(Records shown)

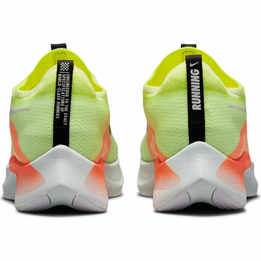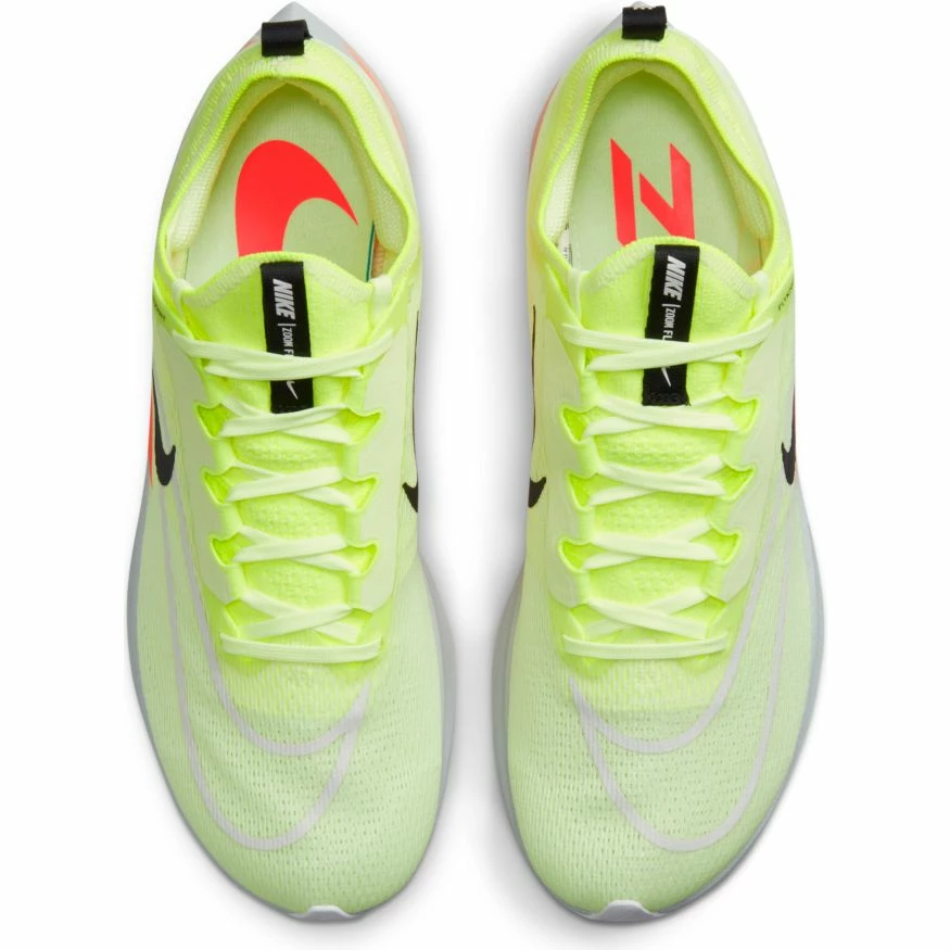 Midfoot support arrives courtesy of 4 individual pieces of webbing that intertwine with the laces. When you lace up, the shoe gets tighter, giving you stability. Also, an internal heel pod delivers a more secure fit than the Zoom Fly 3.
--
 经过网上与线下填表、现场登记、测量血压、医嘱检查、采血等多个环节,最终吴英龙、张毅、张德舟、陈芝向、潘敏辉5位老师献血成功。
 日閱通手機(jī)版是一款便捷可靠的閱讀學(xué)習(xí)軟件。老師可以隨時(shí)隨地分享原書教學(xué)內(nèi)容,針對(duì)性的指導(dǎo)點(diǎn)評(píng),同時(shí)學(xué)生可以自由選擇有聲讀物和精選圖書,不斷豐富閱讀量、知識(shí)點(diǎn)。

(Task description) From the material above, set down exactly the lines starting at the one with "经过网上与线下填表、现场登记" and ending at the one with "日閱通手機(jī)版是一款便", end lines included.

(Exercise solution)
 经过网上与线下填表、现场登记、测量血压、医嘱检查、采血等多个环节,最终吴英龙、张毅、张德舟、陈芝向、潘敏辉5位老师献血成功。
 日閱通手機(jī)版是一款便捷可靠的閱讀學(xué)習(xí)軟件。老師可以隨時(shí)隨地分享原書教學(xué)內(nèi)容,針對(duì)性的指導(dǎo)點(diǎn)評(píng),同時(shí)學(xué)生可以自由選擇有聲讀物和精選圖書,不斷豐富閱讀量、知識(shí)點(diǎn)。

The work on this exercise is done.